Data segment →
========================================================================
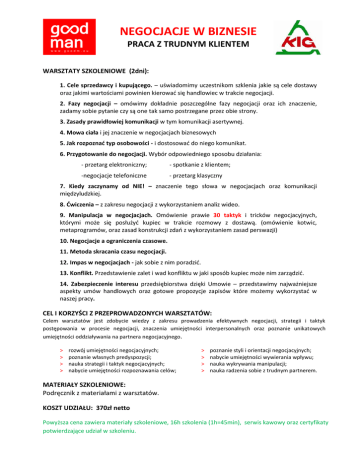 NEGOCJACJE W BIZNESIE PRACA Z TRUDNYM KLIENTEM WARSZTATY SZKOLENIOWE (2dni): 1. Cele sprzedawcy i kupującego. – uświadomimy uczestnikom szklenia jakie są cele dostawy oraz jakimi wartościami powinien kierować się handlowiec w trakcie negocjacji. 2. Fazy negocjacji – omówimy dokładnie poszczególne fazy negocjacji oraz ich znaczenie, zadamy sobie pytanie czy są one tak samo postrzegane przez obie strony. 3. Zasady prawidłowiej komunikacji w tym komunikacji asertywnej. 4. Mowa ciała i jej znaczenie w negocjacjach biznesowych 5. Jak rozpoznać typ osobowości - i dostosować do niego komunikat. 6. Przygotowanie do negocjacji. Wybór odpowiedniego sposobu działania: - przetarg elektroniczny; - spotkanie z klientem; -negocjacje telefoniczne - przetarg klasyczny 7. Kiedy zaczynamy od NIE! – znaczenie tego słowa w negocjacjach oraz komunikacji międzyludzkiej. 8. Ćwiczenia – z zakresu negocjacji z wykorzystaniem analiz wideo. 9. Manipulacja w negocjacjach. Omówienie prawie 30 taktyk i tricków negocjacyjnych, którymi może się posłużyć kupiec w trakcie rozmowy z dostawą. (omówienie kotwic, metaprogramów, oraz zasad konstrukcji zdań z wykorzystaniem zasad perswazji) 10. Negocjacje a ograniczenia czasowe. 11. Metoda skracania czasu negocjacji. 12. Impas w negocjacjach - jak sobie z nim poradzić. 13. Konflikt. Przedstawienie zalet i wad konfliktu w jaki sposób kupiec może nim zarządzić. 14. Zabezpieczenie interesu przedsiębiorstwa dzięki Umowie – przedstawimy najważniejsze aspekty umów handlowych oraz gotowe propozycje zapisów które możemy wykorzystać w naszej pracy. CEL I KORZYŚCI Z PRZEPROWADZONYCH WARSZTATÓW: Celem warsztatów jest zdobycie wiedzy z zakresu prowadzenia efektywnych negocjacji, strategii i taktyk postępowania w procesie negocjacji, znaczenia umiejętności interpersonalnych oraz poznanie unikatowych umiejętności oddziaływania na partnera negocjacyjnego. > > > > rozwój umiejętności negocjacyjnych; poznanie własnych predyspozycji; nauka strategii i taktyk negocjacyjnych; nabycie umiejętności rozpoznawania celów; > > > > poznanie styli i orientacji negocjacyjnych; nabycie umiejętności wywierania wpływu; nauka wykrywania manipulacji; nauka radzenia sobie z trudnym partnerem. MATERIAŁY SZKOLENIOWE: Podręcznik z materiałami z warsztatów. KOSZT UDZIAŁU: 370zł netto Powyższa cena zawiera materiały szkoleniowe, 16h szkolenia (1h=45min), serwis kawowy oraz certyfikaty potwierdzające udział w szkoleniu. Trener: GRZEGORZ OLECHNIEWICZ Współtworzył strategie zakupowe oraz realizował zakupy między innymi dla takich firm jak Alma S.A., Ariba Inc., Aliente Ltd., Lucent Technologies, Klienci Carrywater Group SA, TP SA, Klienci 4Results Sp. z o.o., itd. Były Procurement Manager w firmie Ariba Inc. Od 2004 roku prowadzi szkolenia oraz projekty doradcze w obszarze optymalizacji i zarządzania zakupami, negocjacji, zarządzania projektami oraz zarządzania zespołem. Od 2010 do 2012 roku Senior Konsultant w 4 Results Sp. z o.o. Od 2004 do 2012 roku Konsultant Zarządzający oraz Trener w GO-CTR Consulting, Od 2012 roku Dyrektor Zarządzający oraz główny ekspert w obszarze zakupów w firmie GOODMAN. Prowadził wykłady w ramach Studiów Podyplomowych Zakupy w Biznesie organizowanych przez WSB we Wrocławiu. Wykładowca oraz promotor na kierunku studiów podyplomowych Zakupy w Biznesie na WSB Poznań prowadzi zajęcia również z następujących przedmiotów Zarządzanie Projektami, Mediacje i Negocjacje, Zarządzanie Konfliktem, Budżetowanie i źródła finansowania, Logistyka Marketingowa. Współzałożyciel oraz członek Stowarzyszenia Managerów i Specjalistów ds. Zakupów, oraz Stowarzyszenia Profesji Zakupowej. PODSUMOWANIE ZAWODOWE Ponad 14 letnie doświadczenie kupieckie w tym ponad 8 lat doświadczenia w kierowaniu zespołem oraz zarządzaniu zakupami i projektami; Ponad 8 letnie doświadczenie w konsultingu zarządczym w branży przemysłowej i usługach oraz w prowadzeniu szkoleń biznesowych; Doświadczenie w pracy w zespole oraz na samodzielnym stanowisku; Wieloletnie doświadczenie w budowaniu i realizacji budżetów handlowych oraz zakupowych, budowie prawidłowych relacji z dostawcami w tym negocjacjach z dostawcami, funduszami i bankami, sporządzaniu umów i monitorowaniu procesu zmian; Wieloletnie doświadczenie w realizacji projektów z obszaru redukcji kosztów, restrukturyzacji, usprawniania procesów biznesowych i budowie trwałej wartości firmy; Doświadczony Trener i Coach w swojej pracy trenerskiej skupia się na skutecznym przekazaniu wiedzy, oraz budowie jak najlepszej atmosfery w trakcie prowadzonego szkolenia. REALIZACJA SZKOLEŃ I PROJEKTÓW Ariba Inc., ALMA S.A., Lucent Technologies, Emperia Holding, LPP SA, Klienci OpenNexus Sp. z o.o., Klienci LaraCo Consulting, Klienci GOODMAN, Lufthansa, Schumaher Packaging, ZRE Katowice, Wyższa Szkoła Bankowa Wrocław (Wykładowca na kierunku studiów podyplomowych Zakupy w Bznesie), , KIEL Polska, Federal-Mogul Bimet S.A., Grupa Lotos, Puls Biznesu, EURO-net właściciel marki RTV EURO AGD, TAURON, Beewatec, Hunter Douglas, Volksvagen Bank, Novartis Poland Sp. z o.o., Sandoz Polska Sp. z o.o., Amica Wronki S.A., Grupa UniCredit, Faser, NFM Production, Abakusbaby , Zespół Elektrownia Pątnów Adamów Konin itd.
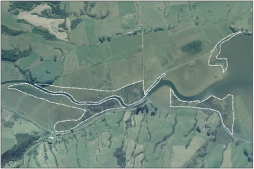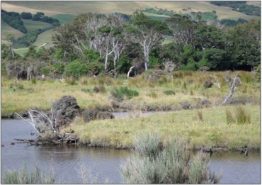 Description: A large area of shrub wetland, with kahikatea (Dacrycarpus dacrydioides) and silver beech (Nothofagus menziesii) remnants, on either side of the lower Catlins River. 1
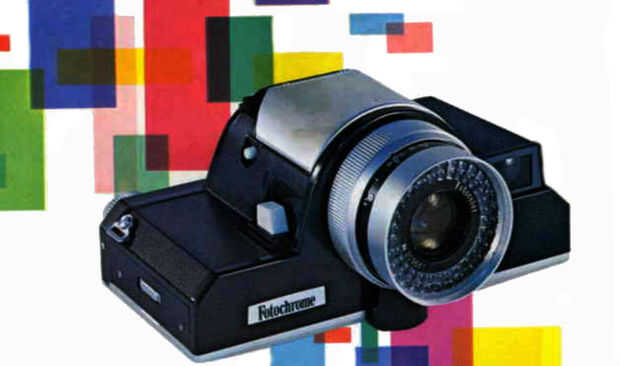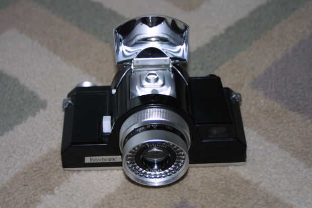 Hay un montón de cámaras funky en el mundo, pero no consiguen mucho funky que la "cámara de Fotochrome Amazing!" Esta abominación fue construida en 1965 específicamente para utilizar material impreso de Ansco color directo positivo. Supongo que no fue una idea horrible... cortar el negativo y reducir los costos. Se cortar los costes, pero el mayor problema con este modelo de negocio; Polaroid había estado haciendo directo positivo durante años y casi al instante (todavía tenía que enviar el material de Fotochrome para procesamiento especial). Parecía una Polaroid y costo menos, pero no se que calidad americanos amor... gratificación instantánea. Otros problemas: muy lenta película ISO (10), célula de selenio responde lentamente, y la calidad de construcción era muy cutre.
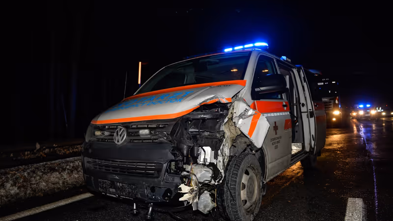 Dadurch waren aber kurzfristig alle beiden Fahrspuren blockiert und zwei Rettungsfahrzeuge, die gerade mit einem 13-jährigen Patienten in Richtung Klinik unterwegs waren, konnten nicht mehr anhalten. Sie prallten in eines der Taxis und in den Wagen des Italieners.
========================================================================
Work item → Leaving the pictures aside, transcribe the entire listing exactly.

Solution →
 NEGOCJACJE W BIZNESIE PRACA Z TRUDNYM KLIENTEM WARSZTATY SZKOLENIOWE (2dni): 1. Cele sprzedawcy i kupującego. – uświadomimy uczestnikom szklenia jakie są cele dostawy oraz jakimi wartościami powinien kierować się handlowiec w trakcie negocjacji. 2. Fazy negocjacji – omówimy dokładnie poszczególne fazy negocjacji oraz ich znaczenie, zadamy sobie pytanie czy są one tak samo postrzegane przez obie strony. 3. Zasady prawidłowiej komunikacji w tym komunikacji asertywnej. 4. Mowa ciała i jej znaczenie w negocjacjach biznesowych 5. Jak rozpoznać typ osobowości - i dostosować do niego komunikat. 6. Przygotowanie do negocjacji. Wybór odpowiedniego sposobu działania: - przetarg elektroniczny; - spotkanie z klientem; -negocjacje telefoniczne - przetarg klasyczny 7. Kiedy zaczynamy od NIE! – znaczenie tego słowa w negocjacjach oraz komunikacji międzyludzkiej. 8. Ćwiczenia – z zakresu negocjacji z wykorzystaniem analiz wideo. 9. Manipulacja w negocjacjach. Omówienie prawie 30 taktyk i tricków negocjacyjnych, którymi może się posłużyć kupiec w trakcie rozmowy z dostawą. (omówienie kotwic, metaprogramów, oraz zasad konstrukcji zdań z wykorzystaniem zasad perswazji) 10. Negocjacje a ograniczenia czasowe. 11. Metoda skracania czasu negocjacji. 12. Impas w negocjacjach - jak sobie z nim poradzić. 13. Konflikt. Przedstawienie zalet i wad konfliktu w jaki sposób kupiec może nim zarządzić. 14. Zabezpieczenie interesu przedsiębiorstwa dzięki Umowie – przedstawimy najważniejsze aspekty umów handlowych oraz gotowe propozycje zapisów które możemy wykorzystać w naszej pracy. CEL I KORZYŚCI Z PRZEPROWADZONYCH WARSZTATÓW: Celem warsztatów jest zdobycie wiedzy z zakresu prowadzenia efektywnych negocjacji, strategii i taktyk postępowania w procesie negocjacji, znaczenia umiejętności interpersonalnych oraz poznanie unikatowych umiejętności oddziaływania na partnera negocjacyjnego. > > > > rozwój umiejętności negocjacyjnych; poznanie własnych predyspozycji; nauka strategii i taktyk negocjacyjnych; nabycie umiejętności rozpoznawania celów; > > > > poznanie styli i orientacji negocjacyjnych; nabycie umiejętności wywierania wpływu; nauka wykrywania manipulacji; nauka radzenia sobie z trudnym partnerem. MATERIAŁY SZKOLENIOWE: Podręcznik z materiałami z warsztatów. KOSZT UDZIAŁU: 370zł netto Powyższa cena zawiera materiały szkoleniowe, 16h szkolenia (1h=45min), serwis kawowy oraz certyfikaty potwierdzające udział w szkoleniu. Trener: GRZEGORZ OLECHNIEWICZ Współtworzył strategie zakupowe oraz realizował zakupy między innymi dla takich firm jak Alma S.A., Ariba Inc., Aliente Ltd., Lucent Technologies, Klienci Carrywater Group SA, TP SA, Klienci 4Results Sp. z o.o., itd. Były Procurement Manager w firmie Ariba Inc. Od 2004 roku prowadzi szkolenia oraz projekty doradcze w obszarze optymalizacji i zarządzania zakupami, negocjacji, zarządzania projektami oraz zarządzania zespołem. Od 2010 do 2012 roku Senior Konsultant w 4 Results Sp. z o.o. Od 2004 do 2012 roku Konsultant Zarządzający oraz Trener w GO-CTR Consulting, Od 2012 roku Dyrektor Zarządzający oraz główny ekspert w obszarze zakupów w firmie GOODMAN. Prowadził wykłady w ramach Studiów Podyplomowych Zakupy w Biznesie organizowanych przez WSB we Wrocławiu. Wykładowca oraz promotor na kierunku studiów podyplomowych Zakupy w Biznesie na WSB Poznań prowadzi zajęcia również z następujących przedmiotów Zarządzanie Projektami, Mediacje i Negocjacje, Zarządzanie Konfliktem, Budżetowanie i źródła finansowania, Logistyka Marketingowa. Współzałożyciel oraz członek Stowarzyszenia Managerów i Specjalistów ds. Zakupów, oraz Stowarzyszenia Profesji Zakupowej. PODSUMOWANIE ZAWODOWE Ponad 14 letnie doświadczenie kupieckie w tym ponad 8 lat doświadczenia w kierowaniu zespołem oraz zarządzaniu zakupami i projektami; Ponad 8 letnie doświadczenie w konsultingu zarządczym w branży przemysłowej i usługach oraz w prowadzeniu szkoleń biznesowych; Doświadczenie w pracy w zespole oraz na samodzielnym stanowisku; Wieloletnie doświadczenie w budowaniu i realizacji budżetów handlowych oraz zakupowych, budowie prawidłowych relacji z dostawcami w tym negocjacjach z dostawcami, funduszami i bankami, sporządzaniu umów i monitorowaniu procesu zmian; Wieloletnie doświadczenie w realizacji projektów z obszaru redukcji kosztów, restrukturyzacji, usprawniania procesów biznesowych i budowie trwałej wartości firmy; Doświadczony Trener i Coach w swojej pracy trenerskiej skupia się na skutecznym przekazaniu wiedzy, oraz budowie jak najlepszej atmosfery w trakcie prowadzonego szkolenia. REALIZACJA SZKOLEŃ I PROJEKTÓW Ariba Inc., ALMA S.A., Lucent Technologies, Emperia Holding, LPP SA, Klienci OpenNexus Sp. z o.o., Klienci LaraCo Consulting, Klienci GOODMAN, Lufthansa, Schumaher Packaging, ZRE Katowice, Wyższa Szkoła Bankowa Wrocław (Wykładowca na kierunku studiów podyplomowych Zakupy w Bznesie), , KIEL Polska, Federal-Mogul Bimet S.A., Grupa Lotos, Puls Biznesu, EURO-net właściciel marki RTV EURO AGD, TAURON, Beewatec, Hunter Douglas, Volksvagen Bank, Novartis Poland Sp. z o.o., Sandoz Polska Sp. z o.o., Amica Wronki S.A., Grupa UniCredit, Faser, NFM Production, Abakusbaby , Zespół Elektrownia Pątnów Adamów Konin itd.
 Description: A large area of shrub wetland, with kahikatea (Dacrycarpus dacrydioides) and silver beech (Nothofagus menziesii) remnants, on either side of the lower Catlins River. 1
 Hay un montón de cámaras funky en el mundo, pero no consiguen mucho funky que la "cámara de Fotochrome Amazing!" Esta abominación fue construida en 1965 específicamente para utilizar material impreso de Ansco color directo positivo. Supongo que no fue una idea horrible... cortar el negativo y reducir los costos. Se cortar los costes, pero el mayor problema con este modelo de negocio; Polaroid había estado haciendo directo positivo durante años y casi al instante (todavía tenía que enviar el material de Fotochrome para procesamiento especial). Parecía una Polaroid y costo menos, pero no se que calidad americanos amor... gratificación instantánea. Otros problemas: muy lenta película ISO (10), célula de selenio responde lentamente, y la calidad de construcción era muy cutre.
 Dadurch waren aber kurzfristig alle beiden Fahrspuren blockiert und zwei Rettungsfahrzeuge, die gerade mit einem 13-jährigen Patienten in Richtung Klinik unterwegs waren, konnten nicht mehr anhalten. Sie prallten in eines der Taxis und in den Wagen des Italieners.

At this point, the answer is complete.